• Change in global quality of life (G-QOL) as measured at baseline and after study completion [ Designated as safety issue: No ]
  

• G-QOL after study completion [ Designated as safety issue: No ]
  
• Communication as measured by patients' estimation of physicians' compassion and attribute and physicians' satisfaction with patient-physician communication [ Designated as safety issue: No ]
  
• Change in symptoms and syndromes as measured by difference in Edmonton Symptom Assessment Scale Score, Karnofsky performance status, weight, shortness of breath, nutritional intake, and 3 patient chosen symptoms at baseline and after study completion [ Designated as safety issue: No ]
  
• Symptom management performance as measured by number of visits with a symptom load above a defined threshold of 5 symptoms without immediate intervention and number of accompanying persons in weeks 3-6 [ Designated as safety issue: No ]
  
• Factors influencing the change in G-QOL (i.e., tumor response [complete and partial response, stable or progressive disease], tumor type, predominant symptom, anxiety, complexity, education, hospitalization) [ Designated as safety issue: No ]
  
• Change in burden of illness and treatment over time [ Designated as safety issue: No ]
  
• Comparison of the number of mismatched decision-making preferences between weeks 3-6 [ Designated as safety issue: No ]
  

OBJECTIVES:

Primary

• Determine the effect of an electronic tool for monitoring symptoms and syndromes associated with advanced cancer (E-MOSAIC) and a Longitudinal Monitoring Sheet (LoMoS) on global quality of life (G-QOL) of patients with advanced incurable cancer receiving palliative anticancer treatment.

Secondary

• Determine if this tool affects communication between these patients and their treating physicians.
• Determine if this tool affects the symptoms and syndromes reported by these patients.
• Determine if this tool impacts symptom management performance.

Tertiary

• Identify factors influencing changes in G-QOL.
• Determine how patients adapt to illness and burden of treatment.
• Describe patients' decision-making preference.

OUTLINE: This is a controlled, randomized, longitudinal, multicenter study. Physicians are stratified according to participating center. Physicians are randomized to 1 of 2 arms. All patients allocated to a physician undergo the same intervention.

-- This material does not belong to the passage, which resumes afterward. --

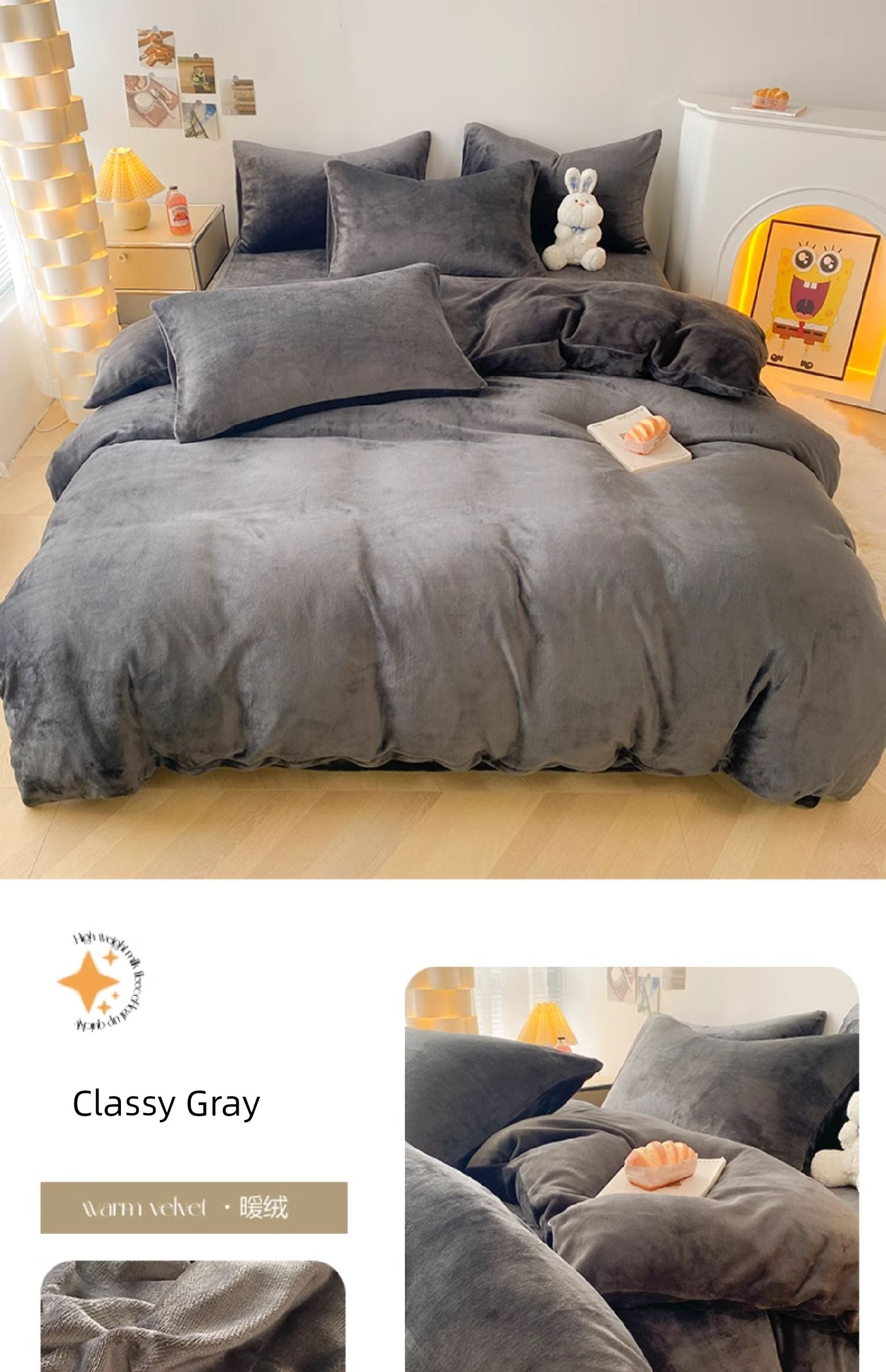 High-Grade Gray [Double-Sided Plus Velvet, Skin-Friendly and Warm]

• Arm I: Patients complete a weekly symptom assessment and nutritional intake using a Palm-based monitoring tool. Nurses record weight and Karnofsky performance status (KPS) scores weekly. A proof of electronic transfer sheet is printed and stored.
• Arm II: Patients complete a weekly assessment comprising visual analogue scales (VAS) of pain, fatigue, drowsiness, nausea, anxiety, depression, shortness of breath, loss of appetite, and overall well-being; up to 3 optional symptoms selected by the patient; and an estimated nutritional intake using an electronic tool for monitoring symptoms and syndromes associated with advanced cancer (E-MOSAIC). Nurses record the patient's weight, KPS score, body mass index, and assessment of current medication for pain (i.e., morphine-equivalent daily dose), fatigue, and anorexia/cachexia syndromes weekly. A Longitudinal Monitoring Sheet (LoMoS) is printed (comprising VAS of pain, pain medication, fatigue, KPS, medication for fatigue [i.e., methylphenidate hydrochloride or epoetin alfa], anorexia, weight change, nutritional intake, medication, supplements, counseling for anorexia, VAS of individually selected symptoms) and stored.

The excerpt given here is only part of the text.